Monday, September 9, 2013

Old is New Again: BLANCANIEVES

Unlike 2011’s Best Picture Oscar winner The Artist, Pablo Berger’s Blancanieves is more than a pleasant pastiche or an amiable gimmick. It’s nothing less than elemental cinema, an exhumation of silent film that rings deep and true. Berger knows that a film without the spoken word and without color is not necessarily a film that lacks, but has the potential to gain. With clarity of vision and crispness of beautiful black and white photography, the film has a purity of purpose that’s enveloping and sumptuous. It’s a gothic fable with marvelously archetypical characters and a thin, but splendidly detailed and vividly visualized plot. Here is a film that creates its own universe so persuasively and completely with images so rich and welcome that I felt at times as if the movie were being projected directly into my brain. It’s well worth seeing quite not because it is perfect, but simply because there’ll surely be nothing else like it anytime soon.

It starts with a grand flourish of melodrama as a bull gores a famous matador (Daniel Giménez Cacho) while his pregnant wife sits in the stands. They’re both rushed to the hospital where she dies in childbirth and he, despondent, ends up in the arms of his nurse (Maribel Verdu). The nurse turns out to be a cruel stepmother who, some years later, makes his little girl (Sofía Oria) sleep in the basement on a pile of coal. Life in a mansion, a house of swooping architecture casting German Expressionist shadows, is both a wonderment and a menace to the girl, who gets into innocent trouble that’s met with Grimm cruelty from a stepmother who refuses to even acknowledge her humanity. The plot grows, spanning years, complicating to include tragic accidents, malicious murderous intent, conspicuous celebrity-aspirant consumption, and a wandering band of seven circus dwarves who are ready and eager to help a young woman become a famous matador.

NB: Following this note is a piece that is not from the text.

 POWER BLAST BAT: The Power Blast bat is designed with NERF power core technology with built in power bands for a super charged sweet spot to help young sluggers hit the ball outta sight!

It’s gradually apparent this is a reworking of Snow White, decked out in early-20th century Spain’s trappings. Rather than subverting or commenting on the tropes it evokes, like other recent Snow White adaptations, Blancanieves creates a narrative that’s as deep, dark, and resonant as the Grimm fable that inspires it. There’s an intense focus on our Snow White, Carmen, the little girl who must avoid the wrath of her stepmother as she slowly learns for herself the truth about her father and grows into a talent for bullfighting that becomes her consuming passion. The camera sticks close to her, the editing quick to fill us in on her emotions. She’s so sweet and sympathetic, it’d be hard not to get involved in her plight. One terrific scene concerns a mischievous pet chicken that becomes a pawn in the struggle of wills between child and stepmother and meets a torturous end.

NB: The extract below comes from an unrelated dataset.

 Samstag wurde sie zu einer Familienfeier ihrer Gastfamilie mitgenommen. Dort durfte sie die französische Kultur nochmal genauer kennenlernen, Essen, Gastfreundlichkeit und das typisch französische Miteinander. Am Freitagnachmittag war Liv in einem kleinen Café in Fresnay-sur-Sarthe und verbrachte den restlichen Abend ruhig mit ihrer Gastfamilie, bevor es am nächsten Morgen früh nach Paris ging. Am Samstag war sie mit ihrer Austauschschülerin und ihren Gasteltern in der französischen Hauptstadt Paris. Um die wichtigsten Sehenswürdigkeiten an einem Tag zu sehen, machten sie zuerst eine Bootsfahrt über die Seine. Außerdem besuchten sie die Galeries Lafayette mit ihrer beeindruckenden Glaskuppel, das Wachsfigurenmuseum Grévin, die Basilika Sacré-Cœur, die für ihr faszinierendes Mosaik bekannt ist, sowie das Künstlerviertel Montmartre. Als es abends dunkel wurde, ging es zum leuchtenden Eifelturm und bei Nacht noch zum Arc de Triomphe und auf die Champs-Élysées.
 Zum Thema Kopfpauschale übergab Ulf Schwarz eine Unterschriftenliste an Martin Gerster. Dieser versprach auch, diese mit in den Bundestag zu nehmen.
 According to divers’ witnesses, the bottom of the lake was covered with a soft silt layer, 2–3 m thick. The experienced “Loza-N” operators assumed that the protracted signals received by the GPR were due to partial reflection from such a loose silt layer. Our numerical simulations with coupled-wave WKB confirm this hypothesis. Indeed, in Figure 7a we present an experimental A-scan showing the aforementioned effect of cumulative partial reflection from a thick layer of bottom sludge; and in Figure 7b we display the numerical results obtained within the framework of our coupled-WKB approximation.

Berger gives the plotting an easy sweep that takes us from the child’s young years into her young adulthood, finding ways to allow the central tragedies and failures of the adults to reverberate through Carmen’s life. Moments of broad comedy and high stakes coexist comfortably in the grand, richly embellished style of the whole. Even though it ends up somewhere unexpected, leaving me a little uneasy  – a sharp turn into tragedy ends the film on a low-key note of moving and beguiling macabre – it’s all of a piece. Still, I’d have preferred the film had ended before the events of its final five, or even ten, minutes. Those minutes leave the film in a sour, haunting place that sits uneasily in my memory. But the film is so very good for so long, a quibble with the conclusion only goes so far.

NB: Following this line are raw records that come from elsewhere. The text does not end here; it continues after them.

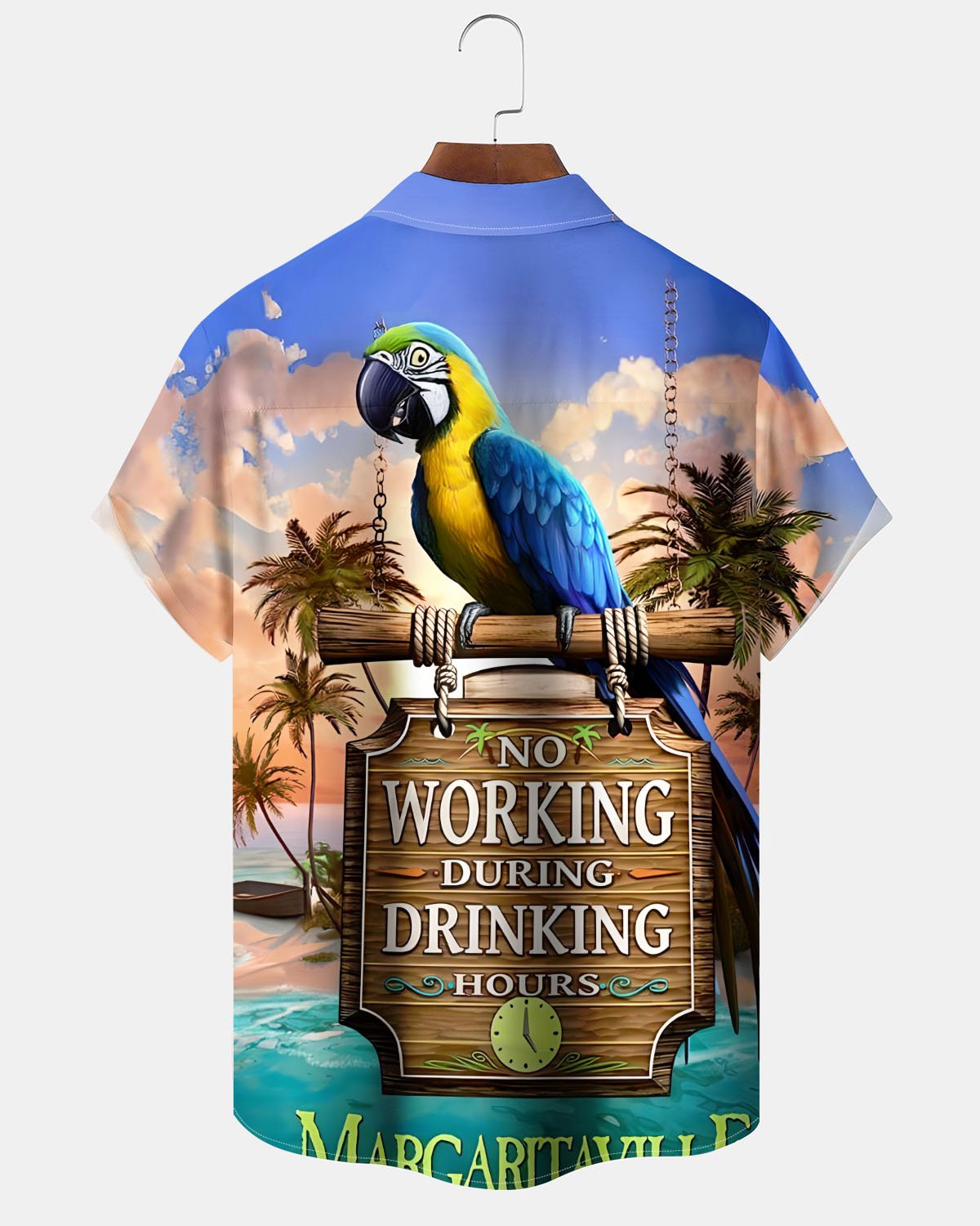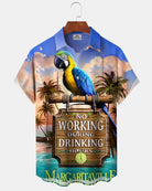Alohadaddy® Casual Parrot Beach Print Artistic Stretch Pocket Button Men's Short-Sleeve Shirt Big & Tall
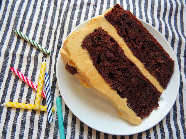 We celebrated The Boy’s birthday over the weekend with this perfect combo of rich chocolate cake and peanut butter frosting. This cake uses a Devil’s Food cake mix as a base, lots of eggs, dry pudding mix, and sour cream, the combination of which makes for a flavorful, moist cake. I used mini peanut butter cups to decorate the cake since it was a special occasion, you could also chop up peanut butter cups and sprinkle them on top if you’re so inclined!
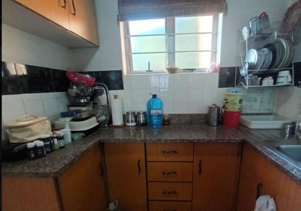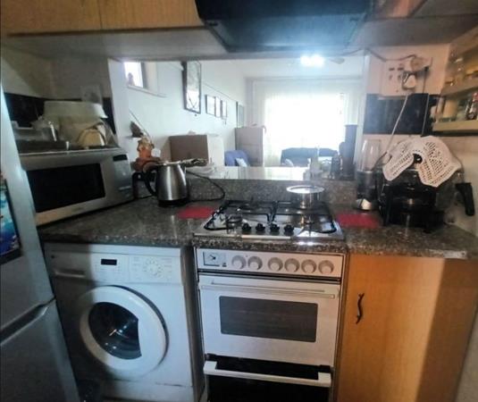 This well-presented apartment offers spacious and light-filled interiors throughout. The open-plan lounge and dining area is sunny and welcoming, leading to a fully fitted kitchen with granite countertops, gas stove, oven, and plumbing for a washing machine.
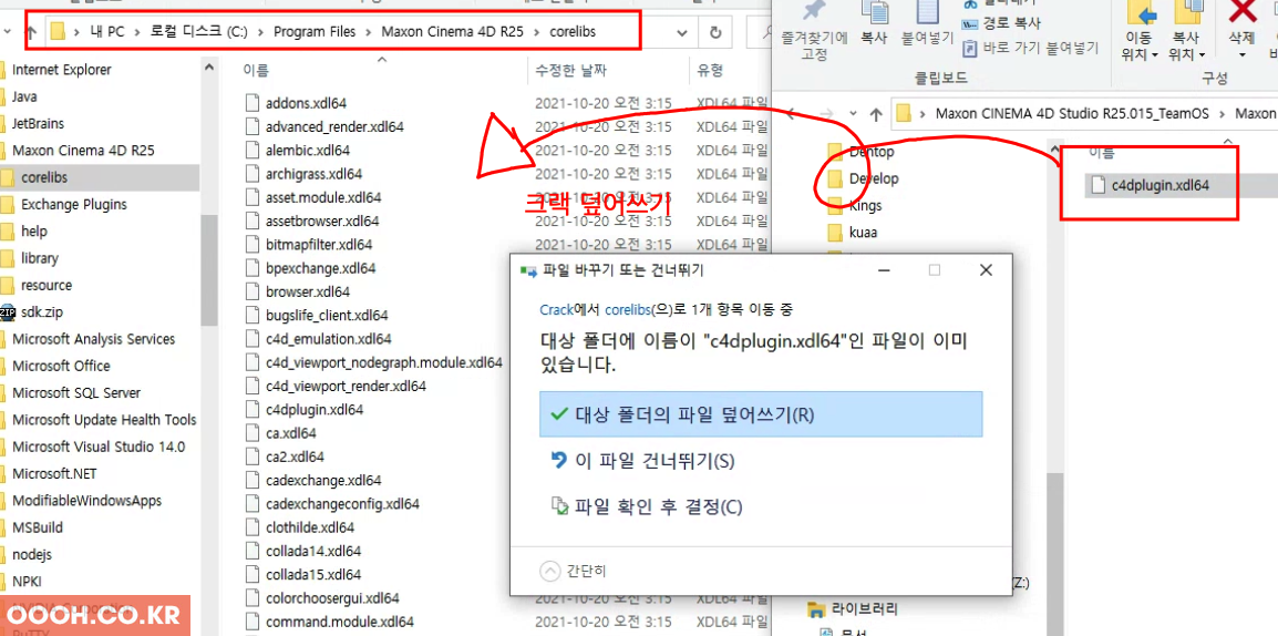 설치파일중 Crack 폴더에 들어가면 c4dplugin.xdl64 이 파일을 복사하여
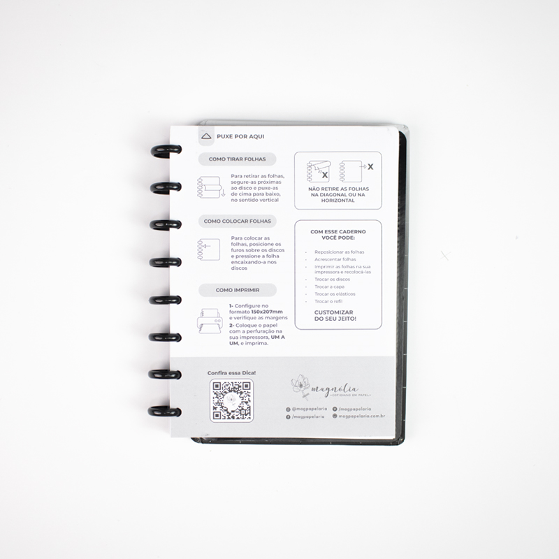 CADERNO DE DISCO MAGNOLIA CONCRETO SOMBRA GRID
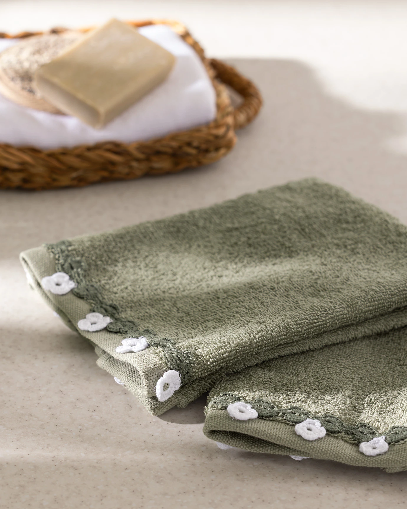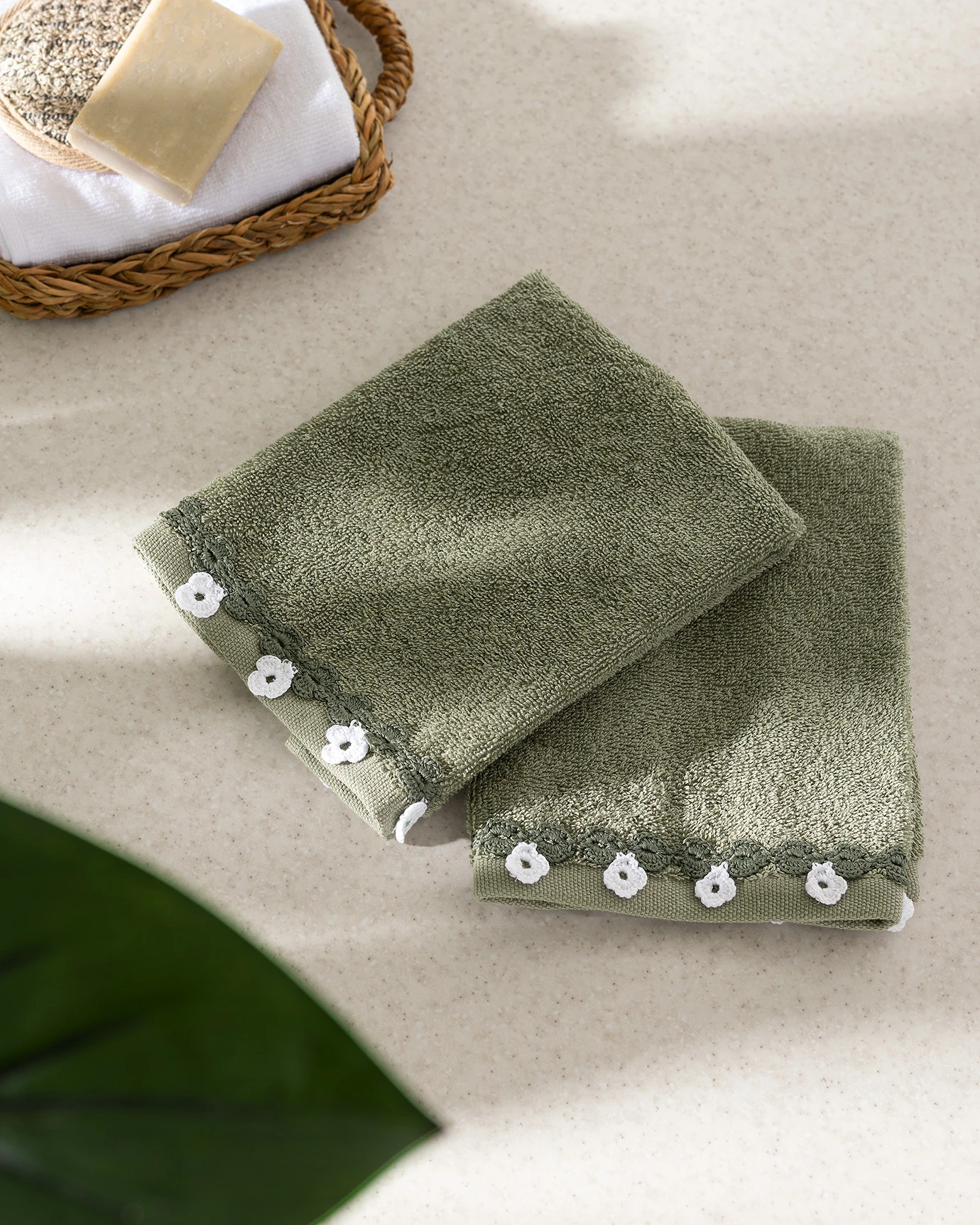 Jeanne Crocheted 2-Piece 100% Cotton Hand Towel Set - Green - 30x40 cmWhether you use this hand towel set daily or save it for guests, it brings a touch of simplicity to your bathroom. Madame Coco is pleased to present this towel set, which will add a fresh touch to your bathroom and brighten your day every time you see it.Technical Specifications: Fabric Type: 100% Cotton Color: Green Size: 2x(30x40) cm GSM Weight: 450 g/m² Production Place: TurkeyPackage Content:

Though I’ve praised Berger’s filmmaking, a word or two must also be said for the performers who bring these impeccably storyboarded sequences to life. The acting from all concerned is broad and nuanced. Verdu, as the flamboyantly villainous stepmother, is darkly kinky in her movements, whereas the daughter (first Oria, then Macarena García) is sweet and open, with a smooth honesty of expression. As the wounded father, Cacho creates a still sense of a man who may be partially healed, but never feels whole. These are performances that are evocative of the best of silent acting, without ever feeling in that same league. They’re precise and resonant, nebulously modern in a precisely calibrated old-fashioned package. In exquisitely storyboarded sequences of great emotion, these actors are the soul.

Berger confidently draws upon old storytelling traditions, whether they are from a century - silent films - or many centuries - fairy tales - ago to create something that’s at once classical and modern. The lush, ceaseless score by Alfonso de Vilallonga in inspired equally by the sounds of studio Hollywood orchestrations and the energetic claps and resonantly plucked guitar of flamenco. In imagery and tone there are wisps of bold F.W. Murnau shadows and light and Guillermo del Toro’s Spanish-language girl’s-eye-view fantasies, a sense of stirring cinematic synthesis that creates a vision all its own. As astonishing as it is welcome, Berger has given us one of the most welcome, confidently playful throwbacks in recent memory. Instead of coasting on the nostalgia of easy homage, he has used the old to give us something new.